Since format normalization was achieved during distillation, the authors intentionally avoid format rewards, allowing the model to explore reasoning paths freely under the sole objective of "judgment correctness." Through exploration rather than rote memorization, RL pushes the evaluation capability from imitating patterns to critical generalization on new samples.

Loss & Training¶

The two stages serve distinct purposes: stage one uses standard NLL to instill reasoning trajectories and labels through distillation; stage two uses GRPO to optimize the expected reward with a KL constraint:

\[\max_\theta\ \mathbb{E}\big[\mathcal{R}(x, j)\big] - \beta\, D_{\text{KL}}\big(r_\theta \,\|\, r_{\text{ref}}\big)\]

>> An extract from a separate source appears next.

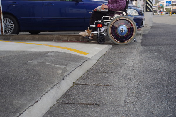 スロープ上がり口に段差があるため、一番奥のなだらかな部分からが通行しやすい |

Here, the reference model \(r_{\text{ref}}\) is the model obtained from the distillation stage. The KL term prevents the policy from deviating too far. As noted, the reward consists only of binary correctness without format terms, as formatting becomes stable after distillation.

Key Experimental Results¶

Main Results (Average across three benchmarks)¶

Model	RewardBench	RM-Bench	RMB	Average
INF-ORM-70B (ScalarRM)	95.1	70.9	70.5	78.8
GPT-4o (GenRM)	86.7	72.5	73.8	77.7
Self-taught-eval-70B	90.2	71.4	67.0	76.2
RM-R1-14B (Ours)	88.9	81.5	68.5	79.6
RM-R1-32B (Ours)	90.9	83.9	69.8	81.5

Ablation Study (Qwen-2.5-Instruct-32B, RewardBench)¶

Method	Chat	Chat Hard	Safety	Reasoning	Average
Original Instruct	95.8	74.3	86.8	86.3	85.8
+Cold Start RL	92.5	81.5	89.7	94.4	89.5
+RL+Rubrics	93.0	82.5	90.8	94.2	90.1
+RL+Rubrics+QC	92.3	82.6	91.6	96.3	90.8
RM-R1 (Full)	95.3	83.1	91.9	95.2	91.4

Key Findings¶

RM-R1 outperforms previous SOTA on RM-Bench by 8.7%, reaching 91.8% in Math and 74.1% in Code.
Reasoning capability is vital for reward modeling—distillation provides the foundation, and RL further enhances generalization.
Model scale shows good scaling effects—near-linear relative gains from 7B to 32B.
Reasoning length scaling is also effective—longer reasoning chains lead to better judgment performance.

Highlights & Insights¶

Deep integration of RM and Reasoning: First to systematically introduce long-chain reasoning into reward modeling, establishing ReasRM as a new category.
High Data Efficiency: Achieves competitiveness with only 8.7K distillation samples, far fewer than the 800K used by DeepSeek-Distilled.
Ingenious CoR Design: Differentiating evaluation strategies for chat and reasoning reflects the actual cognitive process of human scoring.
SFT vs RL Insight: Table 3 shows that reasoning training (RL) consistently outperforms SFT, even when using the same distillation data.

Limitations & Future Work¶

The CoR classification (Chat vs Reasoning) might be oversimplified; more fine-grained task classification could be superior.
Dependency on oracle models (o3/Claude) for generating distillation data increases costs.
Current reward design only uses binary correctness (±1); more granular reward signals might yield further improvements.

DeepSeek-GRM series is a direct competitor but is not open-sourced and relies on more data.
JudgeLRM is also a ReasRM but significantly lags in performance, highlighting the importance of the training scheme.
Insight: In RM training, "how to reason" is more important than "how much data is seen."

Rating¶

Novelty: ⭐⭐⭐⭐ Introducing reasoning into RM is a strong direction, though the distillation + RL framework is relatively standard.
Experimental Thoroughness: ⭐⭐⭐⭐⭐ Three major benchmarks, detailed ablations, scaling analysis, and case studies.
Writing Quality: ⭐⭐⭐⭐ Clear structure; the motivation example in Figure 1 is highly persuasive.
Value: ⭐⭐⭐⭐⭐ Establishes the ReasRM paradigm; open-source code and models advance the community.